Pictures aside, each entry has to be returned exactly as it stands.
────────────────────────────────────────
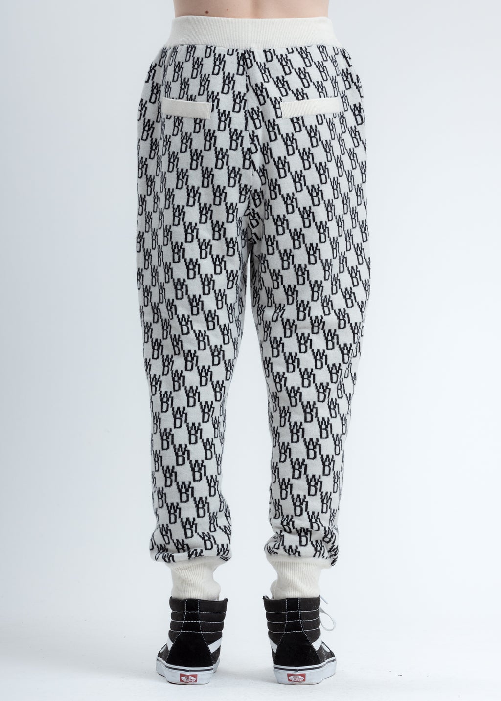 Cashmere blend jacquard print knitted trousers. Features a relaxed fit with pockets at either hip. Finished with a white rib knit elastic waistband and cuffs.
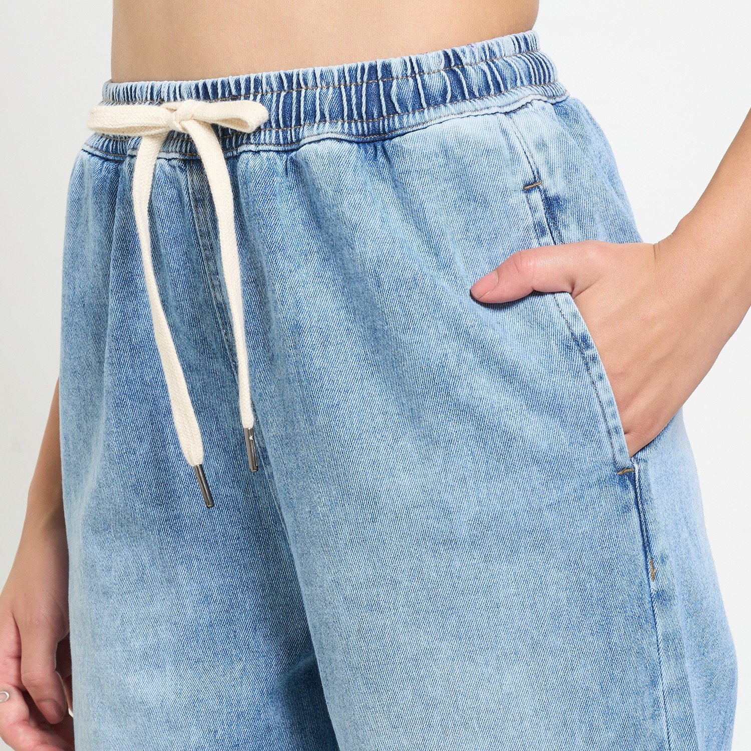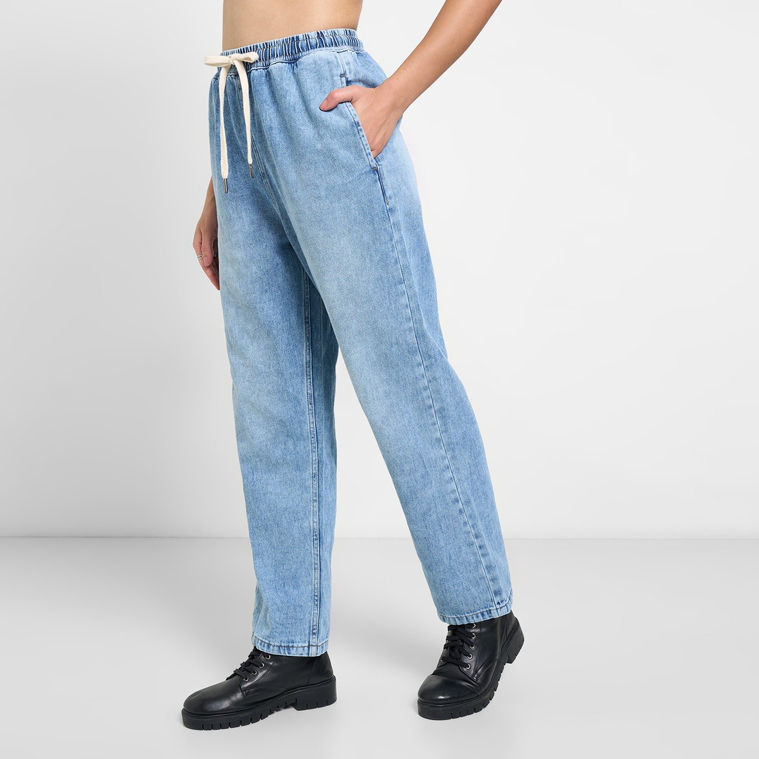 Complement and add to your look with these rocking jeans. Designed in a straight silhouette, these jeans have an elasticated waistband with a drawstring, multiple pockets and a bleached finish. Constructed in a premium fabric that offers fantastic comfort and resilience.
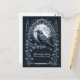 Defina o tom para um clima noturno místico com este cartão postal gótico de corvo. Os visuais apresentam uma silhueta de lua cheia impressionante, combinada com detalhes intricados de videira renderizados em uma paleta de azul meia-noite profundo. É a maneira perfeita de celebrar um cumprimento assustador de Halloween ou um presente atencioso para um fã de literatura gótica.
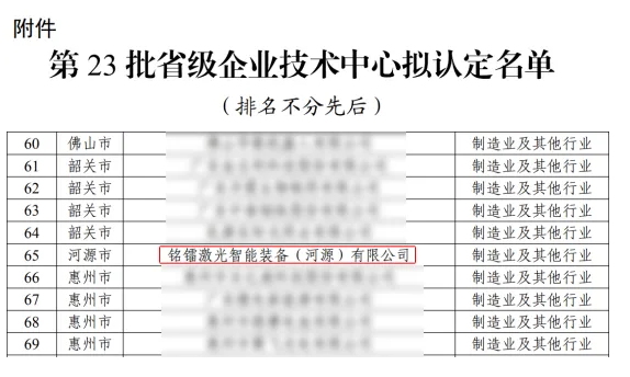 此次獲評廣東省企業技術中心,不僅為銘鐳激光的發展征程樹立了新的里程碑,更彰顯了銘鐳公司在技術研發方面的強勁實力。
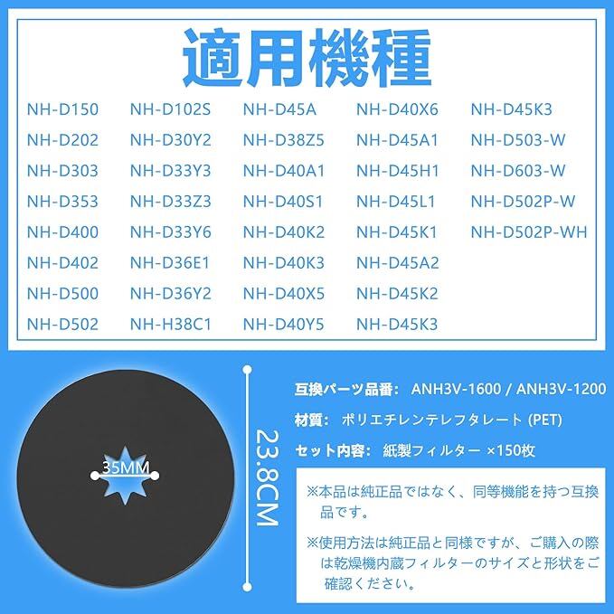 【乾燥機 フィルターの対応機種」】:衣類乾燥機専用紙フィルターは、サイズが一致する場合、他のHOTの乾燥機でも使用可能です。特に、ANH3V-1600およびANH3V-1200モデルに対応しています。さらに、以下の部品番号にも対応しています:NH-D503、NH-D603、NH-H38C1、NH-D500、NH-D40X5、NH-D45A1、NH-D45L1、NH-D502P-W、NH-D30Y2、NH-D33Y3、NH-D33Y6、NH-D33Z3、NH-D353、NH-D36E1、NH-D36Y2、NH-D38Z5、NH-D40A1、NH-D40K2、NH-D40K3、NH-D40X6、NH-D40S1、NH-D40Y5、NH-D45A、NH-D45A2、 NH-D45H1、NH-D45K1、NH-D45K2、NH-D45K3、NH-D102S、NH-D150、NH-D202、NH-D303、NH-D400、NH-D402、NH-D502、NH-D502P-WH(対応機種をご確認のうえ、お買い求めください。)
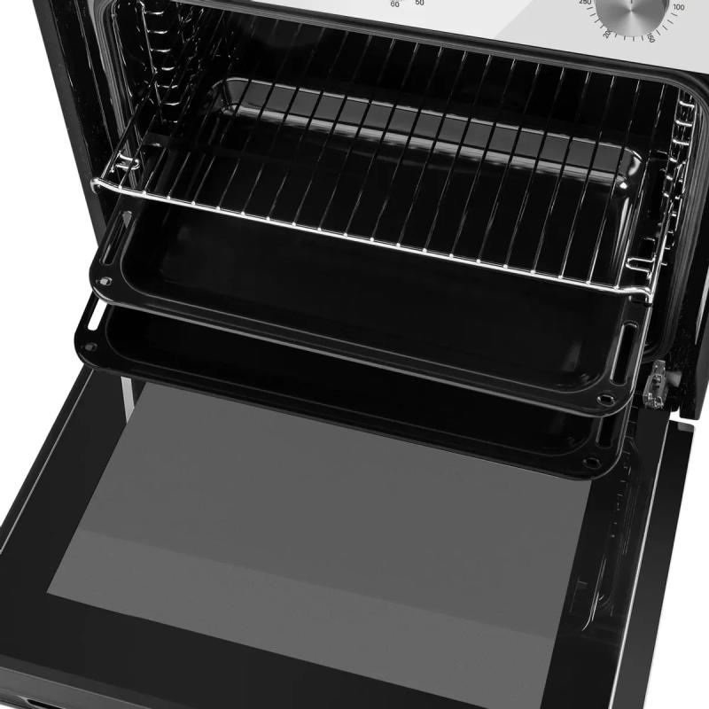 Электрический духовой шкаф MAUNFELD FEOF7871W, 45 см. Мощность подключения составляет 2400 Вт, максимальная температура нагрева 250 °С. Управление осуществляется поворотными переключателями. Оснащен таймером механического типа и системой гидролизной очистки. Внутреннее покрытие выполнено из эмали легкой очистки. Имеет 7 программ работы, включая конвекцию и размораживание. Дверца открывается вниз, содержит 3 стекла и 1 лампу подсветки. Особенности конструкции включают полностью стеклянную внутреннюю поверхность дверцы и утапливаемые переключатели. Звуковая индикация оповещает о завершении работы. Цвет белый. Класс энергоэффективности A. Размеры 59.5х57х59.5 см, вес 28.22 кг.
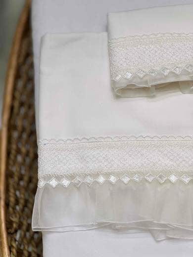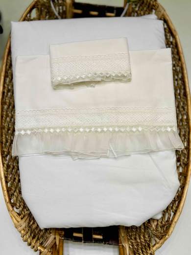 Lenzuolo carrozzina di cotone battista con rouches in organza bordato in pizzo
────────────────────────────────────────
TASK SOLUTION:
 Cashmere blend jacquard print knitted trousers. Features a relaxed fit with pockets at either hip. Finished with a white rib knit elastic waistband and cuffs.
 Complement and add to your look with these rocking jeans. Designed in a straight silhouette, these jeans have an elasticated waistband with a drawstring, multiple pockets and a bleached finish. Constructed in a premium fabric that offers fantastic comfort and resilience.
 Defina o tom para um clima noturno místico com este cartão postal gótico de corvo. Os visuais apresentam uma silhueta de lua cheia impressionante, combinada com detalhes intricados de videira renderizados em uma paleta de azul meia-noite profundo. É a maneira perfeita de celebrar um cumprimento assustador de Halloween ou um presente atencioso para um fã de literatura gótica.
 此次獲評廣東省企業技術中心,不僅為銘鐳激光的發展征程樹立了新的里程碑,更彰顯了銘鐳公司在技術研發方面的強勁實力。
 【乾燥機 フィルターの対応機種」】:衣類乾燥機専用紙フィルターは、サイズが一致する場合、他のHOTの乾燥機でも使用可能です。特に、ANH3V-1600およびANH3V-1200モデルに対応しています。さらに、以下の部品番号にも対応しています:NH-D503、NH-D603、NH-H38C1、NH-D500、NH-D40X5、NH-D45A1、NH-D45L1、NH-D502P-W、NH-D30Y2、NH-D33Y3、NH-D33Y6、NH-D33Z3、NH-D353、NH-D36E1、NH-D36Y2、NH-D38Z5、NH-D40A1、NH-D40K2、NH-D40K3、NH-D40X6、NH-D40S1、NH-D40Y5、NH-D45A、NH-D45A2、 NH-D45H1、NH-D45K1、NH-D45K2、NH-D45K3、NH-D102S、NH-D150、NH-D202、NH-D303、NH-D400、NH-D402、NH-D502、NH-D502P-WH(対応機種をご確認のうえ、お買い求めください。)
 Электрический духовой шкаф MAUNFELD FEOF7871W, 45 см. Мощность подключения составляет 2400 Вт, максимальная температура нагрева 250 °С. Управление осуществляется поворотными переключателями. Оснащен таймером механического типа и системой гидролизной очистки. Внутреннее покрытие выполнено из эмали легкой очистки. Имеет 7 программ работы, включая конвекцию и размораживание. Дверца открывается вниз, содержит 3 стекла и 1 лампу подсветки. Особенности конструкции включают полностью стеклянную внутреннюю поверхность дверцы и утапливаемые переключатели. Звуковая индикация оповещает о завершении работы. Цвет белый. Класс энергоэффективности A. Размеры 59.5х57х59.5 см, вес 28.22 кг.
 Lenzuolo carrozzina di cotone battista con rouches in organza bordato in pizzo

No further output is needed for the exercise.